Overseas, whether it's a linguistically challenged businessperson or a congressional delegation from Washington, generally Americans are lousy deal makers and uncomfortable with other nationalities. The Arab carpet merchant and the Hong Kong tailor expect us to bargain and are disappointed when we do it badly or not at all. While pocketing our dollars they are chuckling to themselves, "Americans are stupid."

There are numerous how-to guidebooks for tourists and travelers. But if you simply find negotiating too damned uncomfortable, then just enjoy yourself and expect to pay more than you should. If you are willing to try negotiating you may surprise yourself; maybe even have fun. Here are some negotiating rules that work for me.

1) In a foreign country: When you shop, ask how much. No matter what the other person says, you don't intend to pay that price and you very politely tell him so. Then leave. He will call you back. His next offer is no good either and you shake your head and tell him it's more than you can afford. Leave again. He won't let you leave until you come to an agreement. The third offer should be acceptable to you and the merchant. I've seen others strike an even harder bargain.

2) In America: Even though we don't ascribe to the foreign bargaining system, there are places where it is appropriate to dicker or ask for a discount. Vitamin and health food stores are examples; so are flea markets and other outdoor markets as well as antique shops.

Whether in politics, business or shop-til-you-drop, negotiation has to end in a win-win deal. All parties must be satisfied. Our career diplomats (not political appointees) are trained in foreign languages and foreign cultures, and we had better hope they are permitted to do their jobs because world peace depends on compromise and deal making and there's no place that needs it more than the Middle East.

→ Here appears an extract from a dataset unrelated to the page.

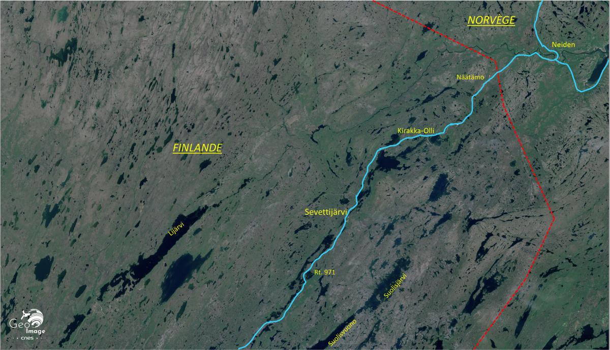 En particulier, la Pasvikelva - Paatsjoki en finlandais - est un petit fleuve côtier qui prend sa source à seulement 118 m. d’altitude bien au sud en Finlande dans le grand Lac Inari. Il coule ensuite plein nord sur 145 km pour se jeter sur l’image dans le Bøkfjorden, qui est une des branches de rive droite du puissant Varangerfjord. La Pasvikelva sert à fixer partiellement la frontière entre l’Empire russe et le Royaume de Norvège en 1826, la frontière entre la Norvège et la Finlande entre 1920 et 1944 puis à nouveau la frontière entre la Norvège et l’URSS/ Russie depuis 1944.
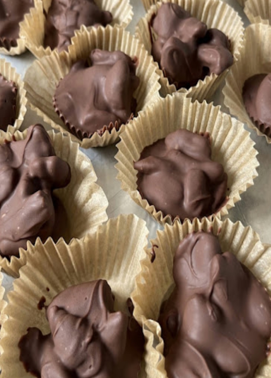 - Spoon a small amount of melted chocolate over each caramel-covered pecan cluster, spreading it slightly to cover the top.

On the home front when buying a house, asking for a raise or arguing a lawsuit, everyone is faced with having to negotiate big and little deals. Some, folks come to the art naturally. Most of us have to be taught. There are multitudes of books on the subject, including those by The Donald. But "Getting to Yes. Negotiating Agreement Without Giving In" by Roger Fisher and William Ury of the Harvard Negotiation Project is in its second printing, and also worth the read. If you still have a job and you want that raise? That BMW? Go for it.